Dian Fossey's birthday celebrated with a Google doodle
American zoologist played by Sigourney Weaver in the film Gorillas in the Mist would have been 82 on Thursday (16 January 2014)

Tuesday, February 11, 2014

Danes defend zoo's killing of giraffe

Google – AFP, Sören Billing (AFP), 10 February 2014

A healthy young giraffe named Marius lies on the ground after being shot dead
 at Copenhagen zoo on Febuary 9, 2014 despite an online petition to save it 
(Scanpix Denmark/AFP, Kasper Palsnov)

Copenhagen — Many Danes on Monday defended the killing of a healthy giraffe at Copenhagen zoo that triggered outrage after it was skinned and fed to lions in front of visitors.

Zoo staff received death threats after the killing on Sunday of the 18-month-old animal, named Marius, which shocked animal lovers around the world.

Thousands signed an online petition to save him, with a billionaire even offering to buy him and keep him in her Beverly Hills garden.

But in Denmark, a nation with many farms, an overwhelming majority of social media users felt the global outcry was a sign of hypocrisy and political correctness.

A leading expert on the ethics of the treatment of animals decried the "Disneyfication" of zoo creatures.

A journalist for the Politiken newspaper, Kristian Madsen, wrote on Twitter: "The whole world has gone crazy. What do they imagine the lions eat on days without a treat such as Marius' Brussel sprouts'"

Dorte Dejbjerg Arens, a project coordinator, said: "I'm still livid over Marius. How can people get so hysterical over a giraffe while cancer, the war in Syria and the (anti-immigrant) Danish People's Party still exist."

'Romantic image of animals'

The giraffe was put down with a bolt gun and then chopped up and fed to lions in the zoo, as visitors including children looked on.

The zoo said on its website it had no choice other than to prevent the animal attaining adulthood since under European Association of Zoos and Aquaria rules, inbreeding between giraffes is to be avoided.

One expert said the relatively muted public reaction in Denmark could partly be explained by cultural factors.

Picture taken on Febuary 7, 2014 shows a healthy young giraffe named Marius 
who was shot dead and autopsied in the presence of visitors to Copenhagen zoo on
 Febuary 9, 2014 despite an online petition to save it signed by thousands of animal
lovers (Scanpix Denmark/AFP, Keld Navntoft)

"Denmark was urbanised relatively late, which is why the general opinion here is that it's okay to keep and kill animals as long as you treat them well," said Peter Sandoee, a professor of bioethics at the University of Copenhagen.

"Animal rights activists in Denmark aren't nearly as strong as they are in Britain or the US."
Arguing that "one of the most fundamental aspects of animals' conditions in the wild is that only a fraction of them survive," Sandoee lashed out at what he called the "Disneyfication" of zoos.

"You take this very romantic image of animals as people with fur or feathers.

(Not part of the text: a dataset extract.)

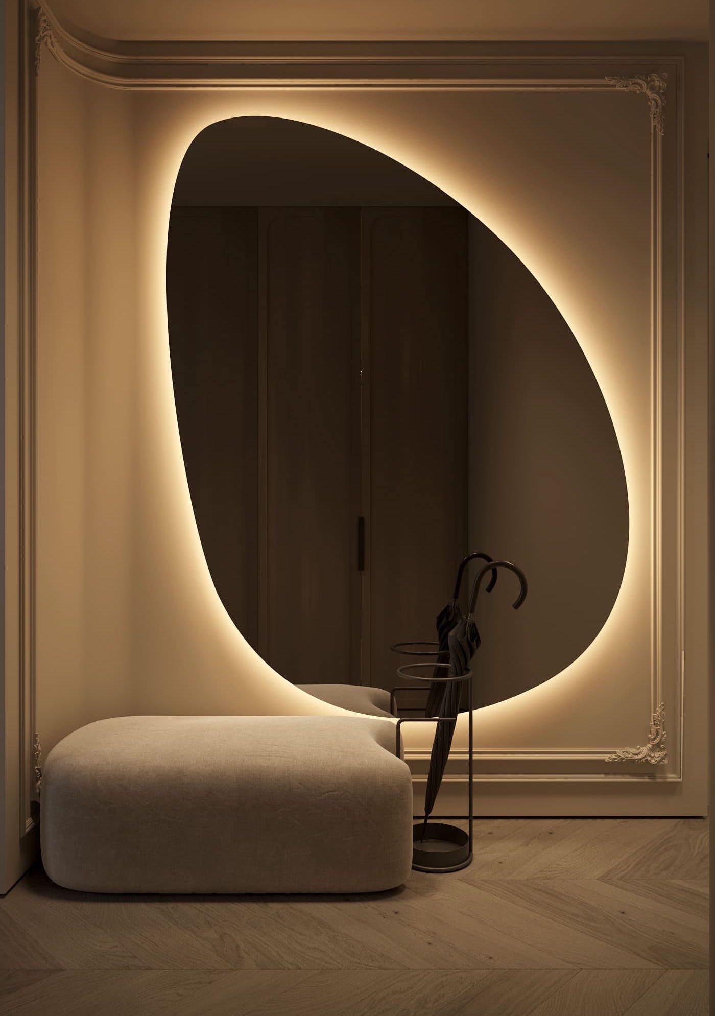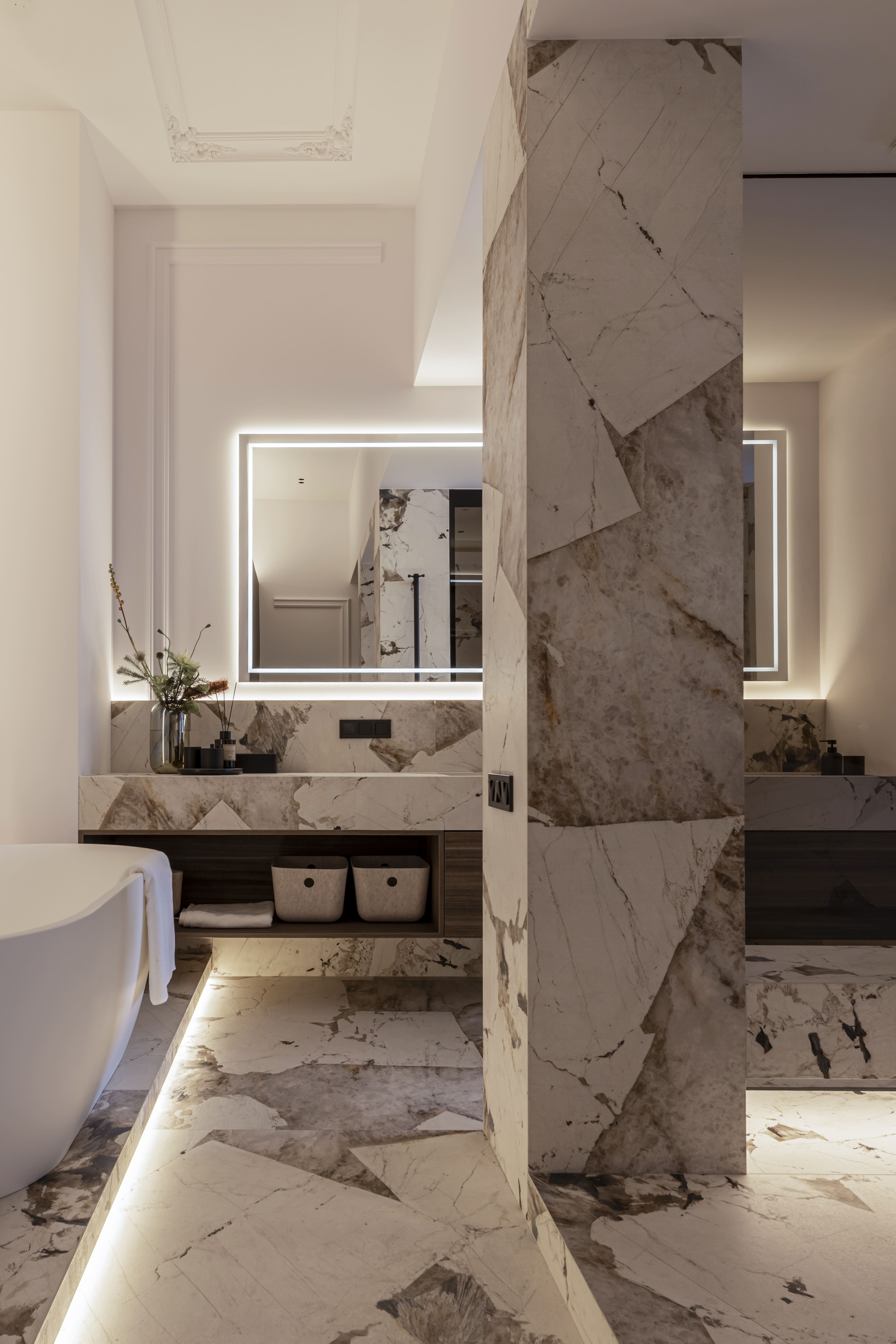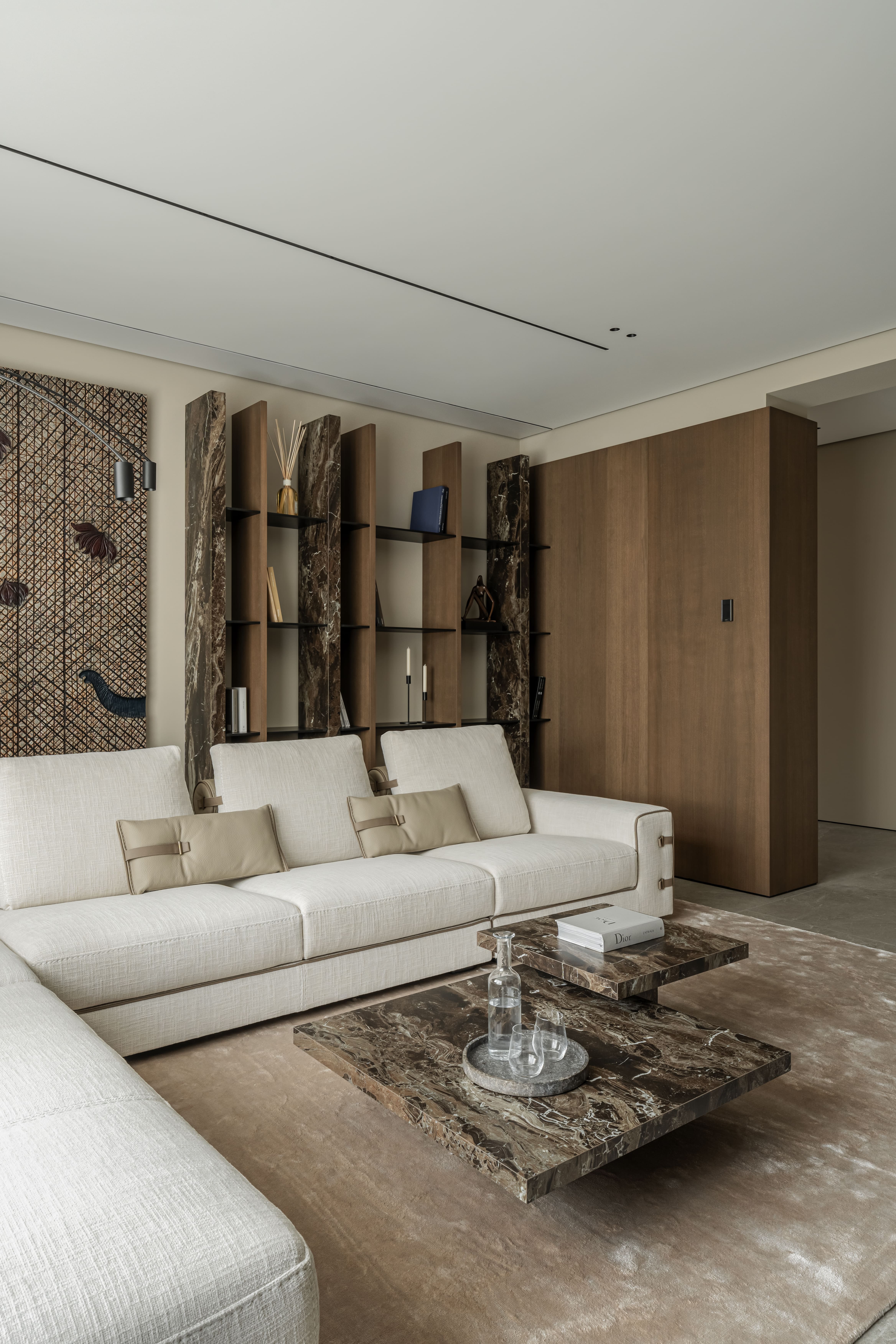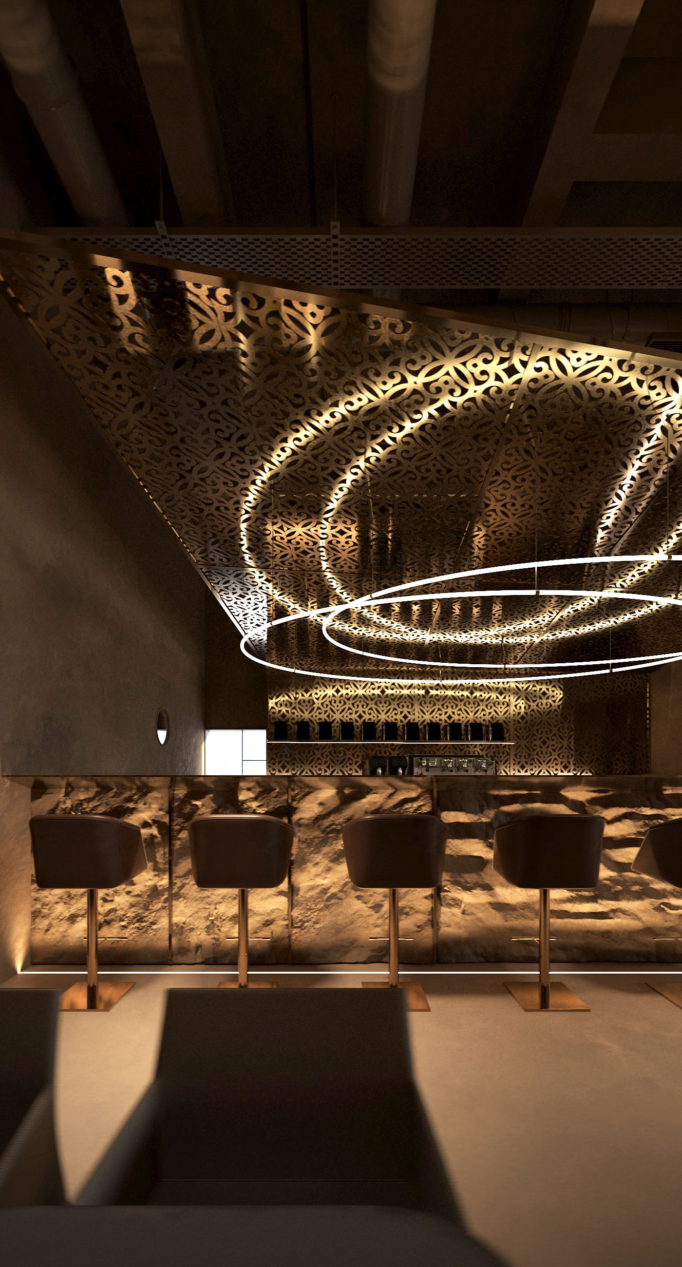 На першому (підвальному) рівні розміщено технічні приміщення, спортзал та кабінет — зони, які потребують відокремлення та концентрації. Другий рівень (перший поверх) об'єднує соціальні простори: кухню, їдальню та вітальню з виходом на терасу. Простір відкритий, динамічний, створений для комунікації та прийому гостей. Третій рівень (другий поверх) — приватна зона зі спальнями, гардеробними і ванними кімнатами, організована навколо центрального холу, що дає змогу зберігати відчуття спокою та ритму.

Animals are viewed as a type of citizen, with the implication that they should be treated on par with fellow human beings."

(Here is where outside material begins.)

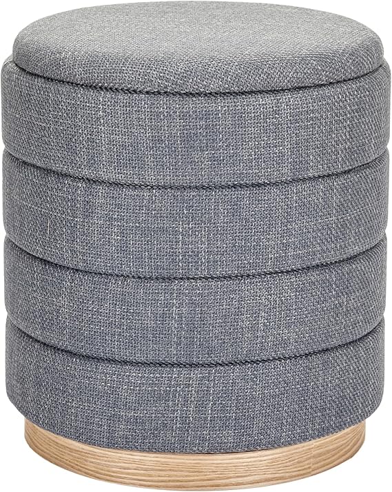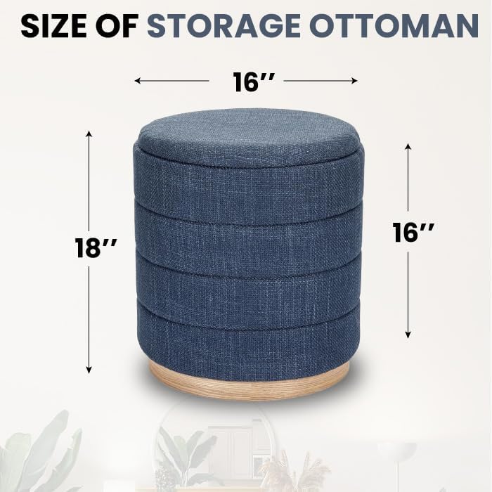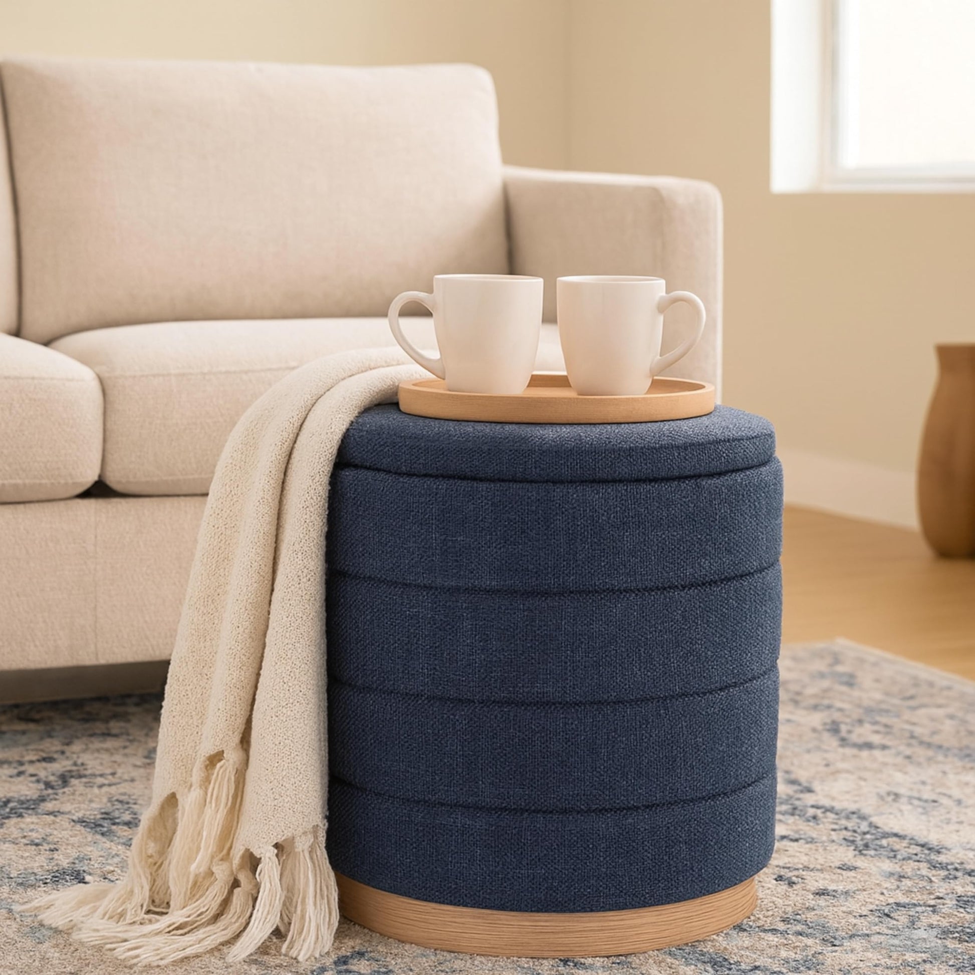Round Ottoman with Storage - Dark Blue Linen Upholstered Footrest

A zoo's primary job should be to preserve different species and contribute to learning about how animals live in the wild, he said.

In the past, the Copenhagen zoo had allowed tigers and lions to reproduce, killing the "surplus offspring" rather than castrating the animals or giving them contraceptives, he added.

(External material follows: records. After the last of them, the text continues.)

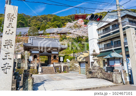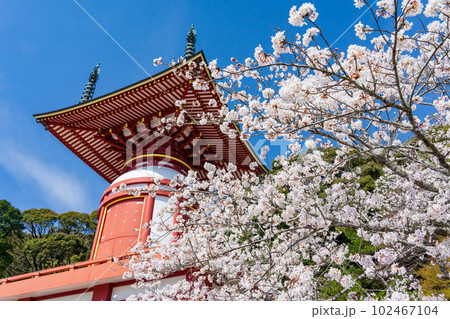 四国八十八ヵ所 薬王寺の瑜祇塔と満開の桜
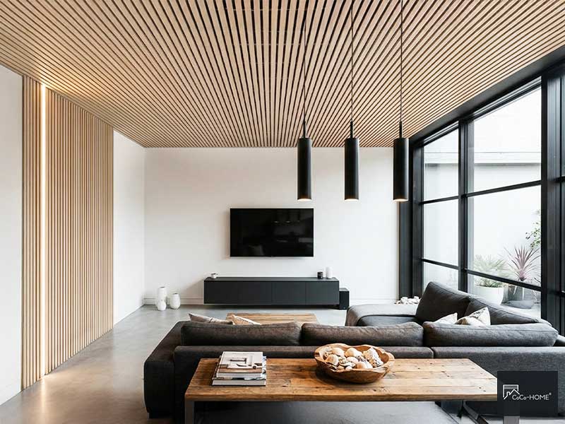 客廳通常是居家中面積最大、天花板最顯眼的空間。白色平頂雖然乾淨,但缺乏視覺重心。把木格柵板鋪設於客廳天花板,能夠立即讓空間多出一層暖色木質調,搭配沙發與地板的材質形成上下呼應,整體質感明顯提升。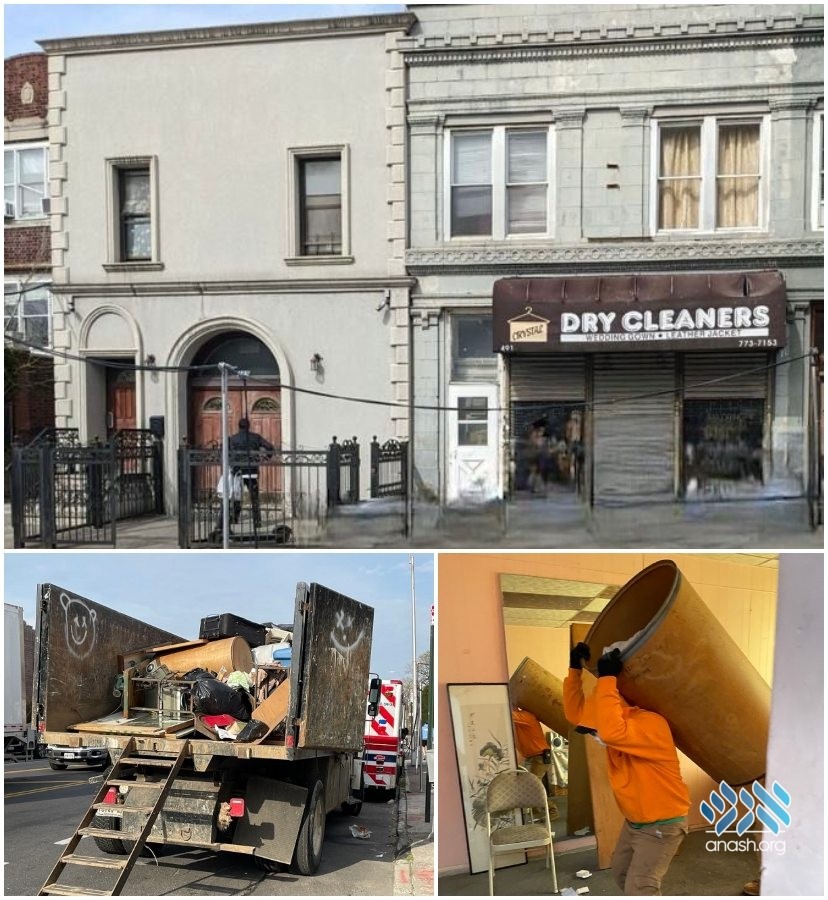 Crews were seen this morning clearing out the building recently purchased by Empire Shtiebel to make room for the expansion of the Shul and Mikvah premises.

"I think Copenhagen Zoo takes a progressive stance here because in doing so they (mimic) the animals' natural life," he said.

Copenhagen Zoo said two other zoos had offered to take the giraffe, but that one was already part of the same breeding programme, while the other didn't have the same code of ethics.

"They would not, for example, sign a statement saying they wouldn't sell their animals to a circus, and we can't just close our eyes and send our animals anywhere," scientific director Bengt Holst told public broadcaster DR.

The Natural History Museum in Aarhus has invited children to visit to watch autopsies on animals this week, which is when many students have their winter break.

"An experience that triggers ... the curiosity and most senses!" the museum said in a statement.

Among the animals set to be dissected in public are a raccoon, a badger and a blackbuck, a type of antelope.

Organisers told Politiken that the event normally attracts between 7,000 and 8,000 people.